The brain has it's own parallel system of sensing metabolic state and regulating vascular responses ("neurovascular coupling"). The brain requires a lot of energy/oxygen during intensive tasks and it makes sense that it would have it's own metabolic fatigue sensing mechanism that serves a similar function to that of large muscle groups. And the hypothesis is that problem could go wrong in the brain for the same reason it goes wrong in the muscles.
I think a common experience is that PEM feels the same where it was triggered by physical or mental exertion.
We literally did a poll and found that ~80% of people people reported it did not feel the same.
https://www.s4me.info/threads/poll-physical-vs-cognitive-pem-same-or-different.16948/
For me, physical activity causes cognitive and physical PEM, whereas cognitive activity does not cause physical PEM, but only cognitive PEM.
@Jonathan Edwards mentioned that mental exertion uses little extra energy, so it probably doesn't fit with thinking triggering PEM through simple energy demand.
I think looking at the absolute calories used is the wrong way to look at it.
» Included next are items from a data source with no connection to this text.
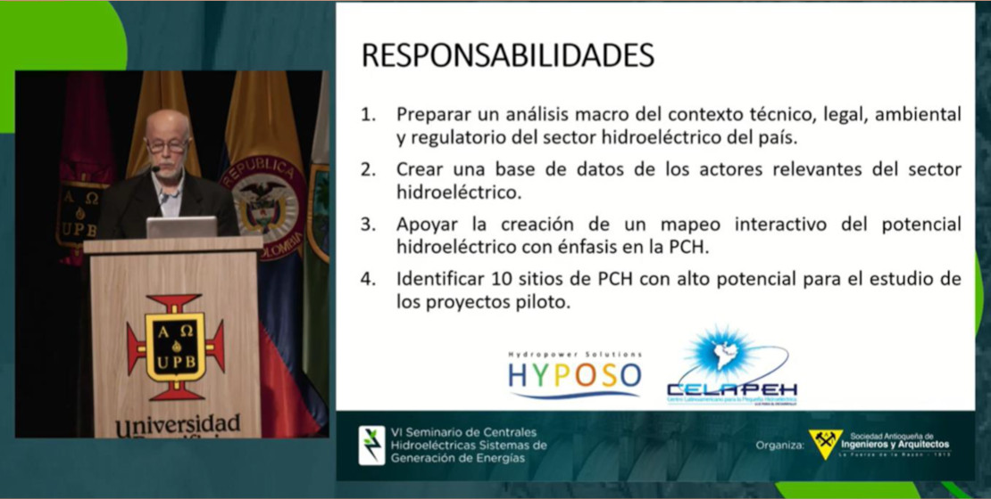 Finishing, Carlos Velasquez (CELAPEH), gave a presentation how CELAPEH is contributing to the HYPOSO project in Colombia, explaining the different tasks that are being worked on. He finished his talk to inform the participants about CELAPEH's mission, ending with a call to create a dedicated Colombian Association of Actors and Producers of small hydropower.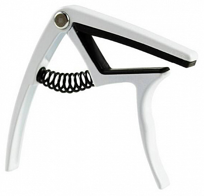 Каподастр на пружине для акустических гитар и электрогитар • Материал: цинковый сплав • Цвет: серебро • В комплекте: медиатор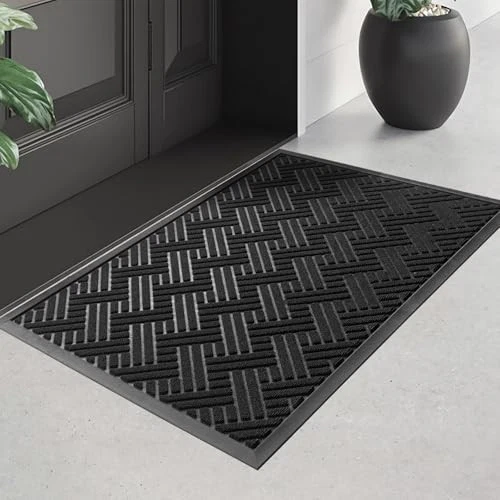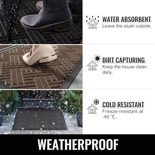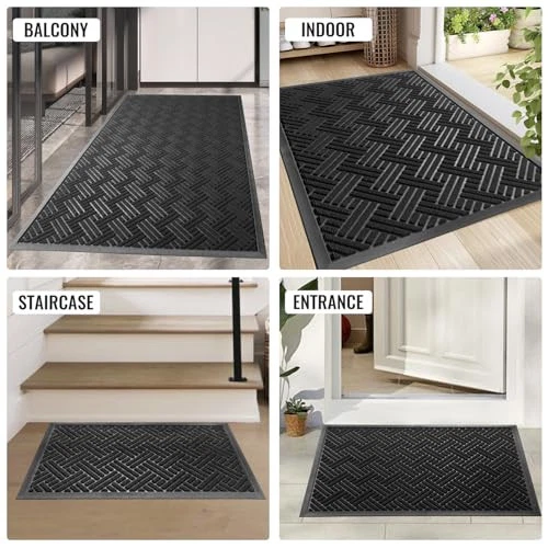 Front Door Mat Indoor Outdoor Entrance, Welcome Mat for Entryway, Stain and

That is the same mistake as Noakes and others who think fatigue is a result of the brain somehow calculating the overall metabolic consumption of the body and scaling back as a result: "Fatigue is a brain-derived emotion that regulates the exercise behavior to ensure the protection of whole body homeostasis." (Noakes 2012).
We know now that no such system exists (instead, fatigue is regulated by muscle afferents and the effects on the motor cortex) and going down that path of looking at overall energy consumption to explain fatigue sensation is a fool's errand.
The issue is the local metabolic capacity. When that capacity is exceeded, metabolites are generated that stimulate afferents (whether it be the metabolic fatigue sensing afferents in the muscles or the same thing in the neurovascular coupling systems in the brain). Instead of predicting a need for increased ventilation and reduced motor activity a-priori, the brain responds to afferents instead.
There have been studies that show that brain fog is associated with altered metabolism and altered blood flow in the brain, so I still think there is something there to dig into.
If brain cells were really short on ATP in ME/CFS then there ought to be some severe cases where you can measure specific mental deficits of the sort you can clearly identify in people with TIAs for instance.
The brain doesn't simply go "whoops, I ran out of ATP". Many things have to go wrong before that happens (and I'm not claiming to be an expert in emergency medicine) but the whole point about fatigue is it that it is part of a feedback mechanism that limits that from happening under normal functioning.
Yet the heart has to work all the time, pumping away.
Many moderate to severe patients suffer from chronotropic incompetence, so we cannot pretend the performance of the heart is not affected at all.
The heart consumes around 5% of VO2 at rest and is only working at around a tenth of it's (VO2Max) capacity. It has the highest capillarisation density compared to any skeletal muscle in the body. And notably, no scientific study discusses any sort of metabolic fatigue sensing afferent feedback (muscle pressor reflex) within the myocardium itself analogous to that of skeletal muscles.